I turned it over in my hands, inspecting it. “Thank you. Really, it’s a fun gift.”
“It really is,” he said, leaning in. “When you’re in Portsmouth and missing Maplebridge—or me—you can use it. Maybe you’ll find a haunted piano or something, and it’ll remind you that we’re all connected...”
He cleared his throat. “Lanie, I’m so sorry—”
“It’s okay.” My hand shook as I placed the spectrometer back in the box. “It wasn’t your fault.”
“Rob is an asshole. Had I known he’d start rumors about you, I would have made sure I broke his jaw as well.”
A small smile curled my lips. “I’m surprised he said anything at all after the beating you gave him.”
Mark’s large shoulders hunched. “With his dad on the police force, he thought he could do whatever he wanted and get away with it. Thankfully, Julian’s dad is a lawyer. Otherwise, I’d have a criminal record.”
“He deserved every punch you gave him.” I looked down at the gift—part apology, part promise. “Thank you for standing up for me.”
“Always,” he said quietly.
Our eyes met, and my teenage mind spiraled.
Mark and I had kissed—okay, and a little more than that—but it wasn’t like he was at my door the next day professing his love for me.
And I was leaving.
My mother needed this move. She needed me. She and Gramps couldn’t run the business without me.
“Mark . . .” My voice wavered.
There was something more than affection in his eyes, something I wasn’t ready for. His voice was deep and sure when he said, “I’ll come see you in Portsmouth.”
I wanted to believe him.
“It’s a long drive.”
“A few hours,” he said, his tone steady. “I care about you, Lanie, and I always will. That won’t change because you’re moving.”
But it had.
Not because of the move.
Because of me.
I sat back, staring at the piano keys. I still had the spectrometer. It was buried in the back of my closet in my apartment. I couldn’t bring myself to throw it away.
And often, when I thought about it, I circled back to that moment—to him promising he’d always care about me.
I shook my head, scoffing at myself. The sadness in his eyes today—it couldn’t be about me. No one holds on to something like that for so long. Not when life keeps moving.
He probably had someone waiting for him back at the hotel. Maybe even at home.
I would know—if I ever let Eliza talk about him.
But he wasn’t married.
Eliza would have told me that much.
I turned back to the piano and struck a note again. It wavered. After a small adjustment, I struck it again, and the sound rang out true and clear.
I sat back, setting the lever aside, staring off in the direction Mark had left.
Tuning pianos made sense to me—a lot more than life did.
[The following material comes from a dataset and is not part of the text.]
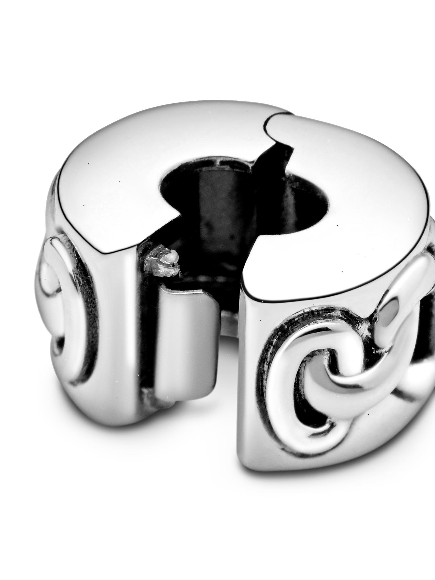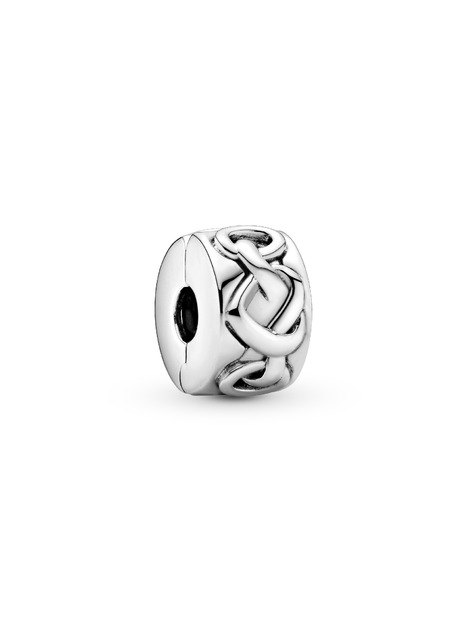 Our simple yet striking Pandora Moments clip charm is decorated with a row of knotted hearts. The design features a combination of the iconic heart and the classic love knot, which gives the piece extra emotional appeal. The sterling silver charm is perfect for adding a heartfelt touch to your bracelet collection and helps to evenly space out your stack. This clip charm features no silicone grip, so it will slide if not styled onto threads (two raised charm dividers).

Mark had always believed there was more to life than we knew or could understand. He used to say he felt something calling to him, pulling him toward a discovery. It was why he dabbled in ghost hunting.
I pulled out my phone and texted Eliza.
Me: Has Julian talked to Mark about being in the wedding yet?
Eliza: No. Why?
Me: Just curious.
I didn’t tell her Mark was in Portsmouth because it was still difficult for me to believe he was.
And because I didn’t like what my gut was saying— This doesn’t feel right. Someone is lying to me.